Some of the print statements I added with like this:

  const mocked = mock(Foo)
  const foo = instance(mocked)
  console.log(`Got a foo: ${foo}`)

Imagine my surprise when I got this:

  Got a foo: null

When I saw this I figured I had put the wrong thing in the expression, so I checked but it was right. I was in the middle of trying to figure out why #191 was not working so I actually had the thought "wow, they figured out how to attach a mock to a null value. That's kinda cool" and then I went on.

At some point I realized that you couldn't have added methods to null (this was on day 2, I was tired and distracted by the other problem) so I started adding print statements to Mock.js and found that there was an actual object but by the time it got to my code it was null. It wasn't my main problem, so I ignored it again.

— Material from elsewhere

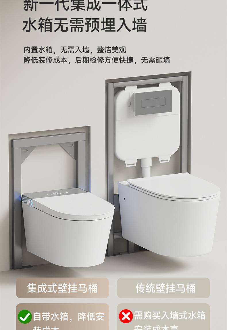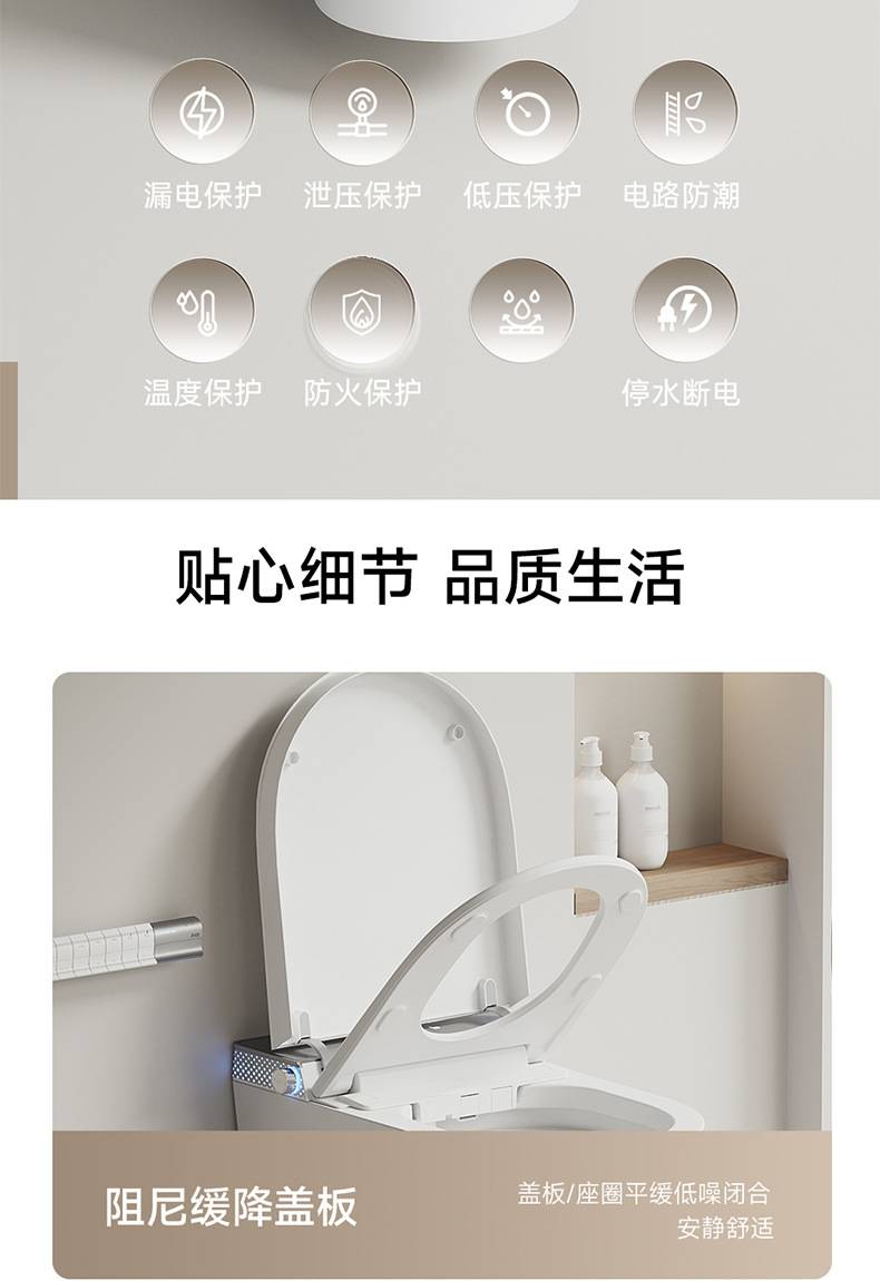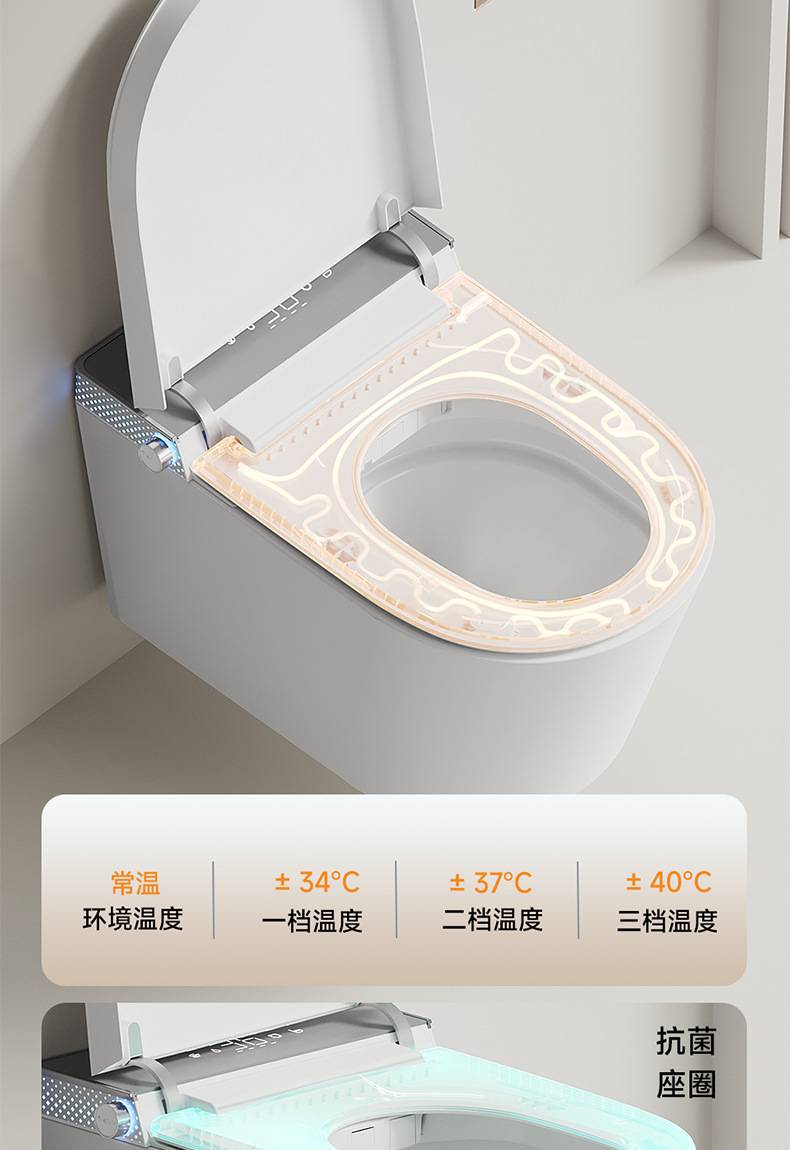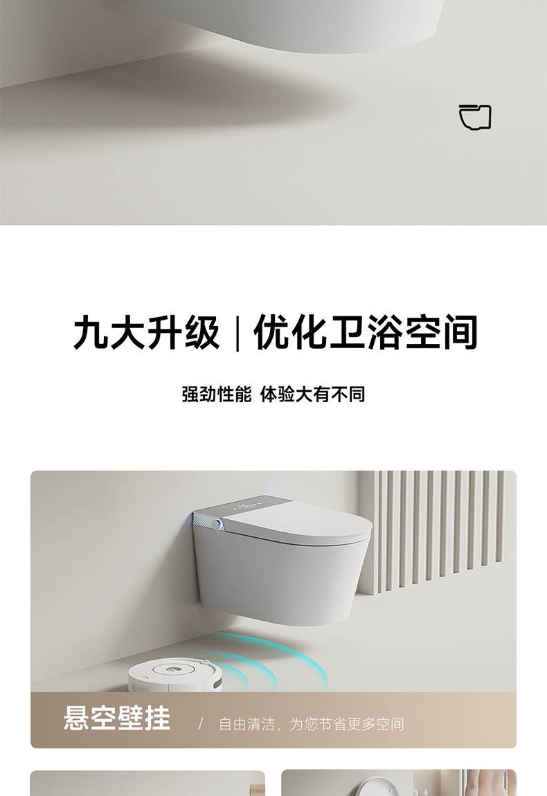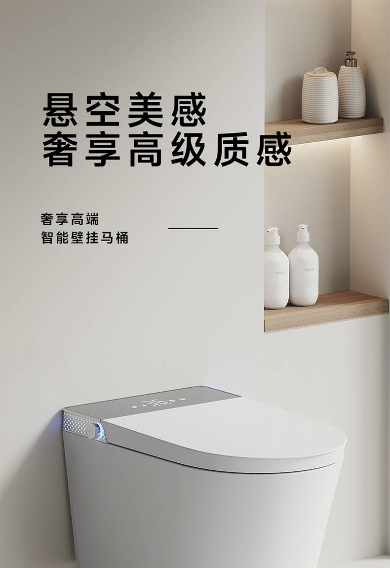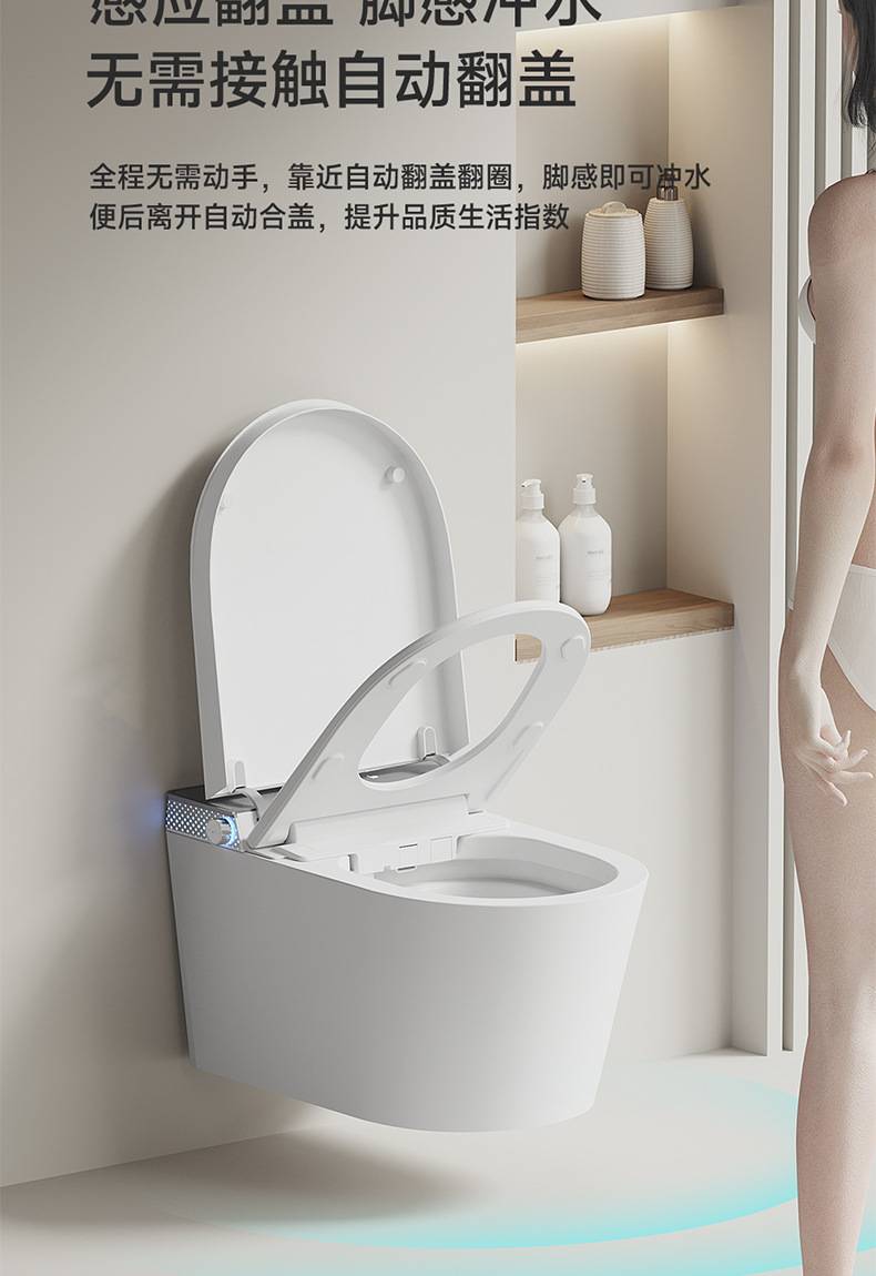 小户型59长壁挂式智能马桶即热式全自动翻盖泡沫盾家用悬挂坐便器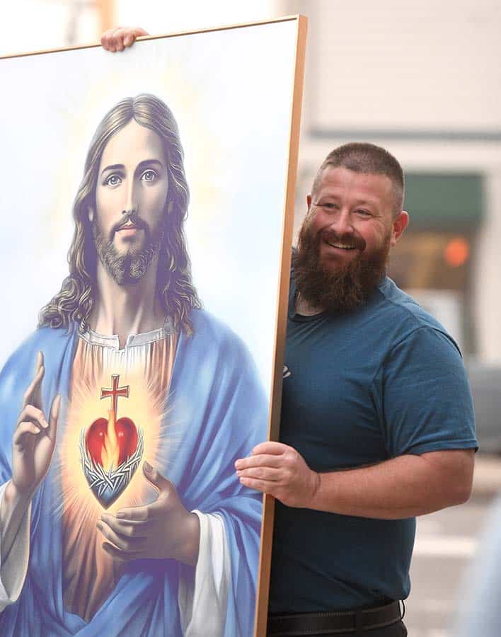With street corner ministry, Minnesota man says he’s doing what Lord has asked of him October 17, 2025By Dianne Towalski The Central Minnesota Catholic Filed Under: Evangelization, News, World News LITTLE FALLS, Minn. (OSV News) — Standing on a streetcorner greeting passersby is not something Will Threlkeld has ever done before. But every Monday morning in downtown Little Falls, that’s exactly where you can find him, greeting people and showing them the face of Jesus. He’s just doing what the Lord has asked of him, he said. “I asked the Holy Spirit to come into my soul, I surrendered myself to Jesus and I asked him to use me,” Threlkeld told The Central Minnesota Catholic, magazine of the Diocese of St. Cloud. “The Holy Spirit said to take the picture off my wall at home and show his children his face. So, I did what he asked.” Will Threlkeld greets passersby with a wave and a smile on a street corner in downtown Little Falls, Minn., Sept. 22, 2025. (OSV News photo/Dianne Towalski, The Central Minnesota Catholic) He estimates that each Monday nearly 4,000 people passing through the intersection of Broadway Avenue and First Street SE, also known as Bank Square, have seen him holding up a 3-foot-by-5-foot print of the Sacred Heart of Jesus with a small group of friends praying the rosary behind him. Before he started, Threlkeld reached out to Father Patrick Hoeft, parochial vicar of Little Falls’ Haven of Mercy Catholic Community, to tell him he felt called to this street-corner ministry. He asked Father Hoeft to join him the next morning to pray the rosary. “I was moved by the immensely positive response to this and the joy that it brought to people,” Father Hoeft. “It’s such a simple way to bring Jesus to the public mind, and it’s amazing how the Lord has been at work through this.” Standing on the corner next to Will was Isaac Eggerth, a senior at Little Falls High School, who held a sign that said, “You are Loved, You are Enough.” “Will texted me one morning and said, ‘Come pray with me! Monday morning!'” Eggerth said. “I thought that maybe people need a reminder that God will always be there for them and that we should try and spread his word as much as we can,” he said. On a recent foggy Monday morning, people from all walks of life drove by — families in SUVs, construction workers in pickup trucks, cement mixers, entire buses of kids on the way to school, the Little Falls Police and Morrison County Sheriff, even a pizza delivery guy — all waving and honking. “As long as this is what the Holy Spirit is calling me to do, I’ll do it,” Threlkeld said. “It made me feel humble as I walked up (to the corner) the first time at six in the morning. I laughed, I smiled, I cried as the children of God drove by and I could see their faces light up when they saw his picture. It was beautiful.” Julie Laflamme, who is a close friend of Will and his wife, Tiffany, joined them on the corner that morning to pray the rosary. “Anyone who knows Will, knows he loves Jesus,” she said. “He lives his life in such a way that those who know him but do not know God, will come to know God because they know Will.” He wants to bring as many people to Jesus as possible, she added, and he wants people to see Jesus, not him. “We want to focus people’s attention on Jesus,” Father Hoeft said. “Just like when Peter walked on the water with Jesus, it was when he took his eyes off Jesus and focused on the storm that he began to sink. There are so many storms raging in our culture and in people’s lives, and it can become easy to be consumed with focusing on the storm. Jesus wants us to keep our eyes on him. With Jesus we can walk on the water even if the storm continues to rage.” Throughout the morning, people came to the corner to join the group or to just see what was going on, including Franciscan Sister Cordy Korkowski, who came upon them during her daily walk. “I was inspired by the fact that they would boldly profess their faith on the streetcorner here in Little Falls,” she said. “As I continued my walk I could hear the car horns honking … it was a message that carried throughout the morning rush-hour.” “We want to help others to encounter Jesus and the joy of Jesus,” Laflamme said. “Why would we not want to share the most beautiful gift we’ve been given, Jesus Christ?” Threlkeld just wants people to know that Jesus loves them and is waiting for them to ask him into their hearts, he said. “My hope from all of this is to bring people to the Catholic Church, Jesus’s church, so that they too, can receive the sacraments he has left us, so we can see him in heaven one day.” Dianne Towalski is social media manager at The Central Minnesota Catholic, magazine of the Diocese of St. Cloud. This story was originally published by The Central Minnesota Catholic and distributed through a partnership with OSV News. Read More Evangelization AI offers the church an ‘evangelical opportunity,’ scholar tells U.S. bishops New director of Office of Life, Justice and Peace hopes to promote dignity of all Pope Leo XIV urges Catholic technologists to spread the Gospel with AI Radio Interview: Catholic Extension Society provides mission support in dioceses across country Father Mike Schmitz invites listeners to enter ‘The Imitation of Christ’ with new podcast ‘Hello! I’m a Catholic Priest!’ How one coffee shop ministry attracts student seekers Copyright © 2025 OSV News Print

Eventually, I added a print statement to Mock.js/ts that displayed the name of the property being retrieved from the mock Proxy and I saw this:

  name = 'Symbol(Symbol.toPrimitive)'

I thought that was strange so I looked it up and...Doh!...there it was. Of course, the object I got wasn't null, we were retrieving the Symbol.toPrimitive value from the mock, which was mocked, so we got a weird answer back (in this case null).

So I added Symbol(Symbol.toPrimitive) to the list of names I had for #191 and suddenly my print statements were displaying [object Object] like they should, Huzzah!

So I propose that Symbol(Symbol.toPrimitive) be in the defaulted list in #192 (assuming that #192 is accepted) so that anyone following won't get the same weird null value when printing a mock for a debug statement. It's not really important, but it did slow me down in debugging #191.

NagRock commented 4 years ago

Hey, with this code:

  const mocked = mock(Foo)
  const foo = instance(mocked)
  console.log(`Got a foo: ${foo}`)

I get:

function () {
                var args = [];
...
...
...

Not the null

jlkeesey commented 4 years ago

You know, I wrote this wrong. Doh! This only happens when it's an interface so the first line of the example should have been:

const mocked = mock<Foo>()

Sorry about that. I was trying to do two things at the same time.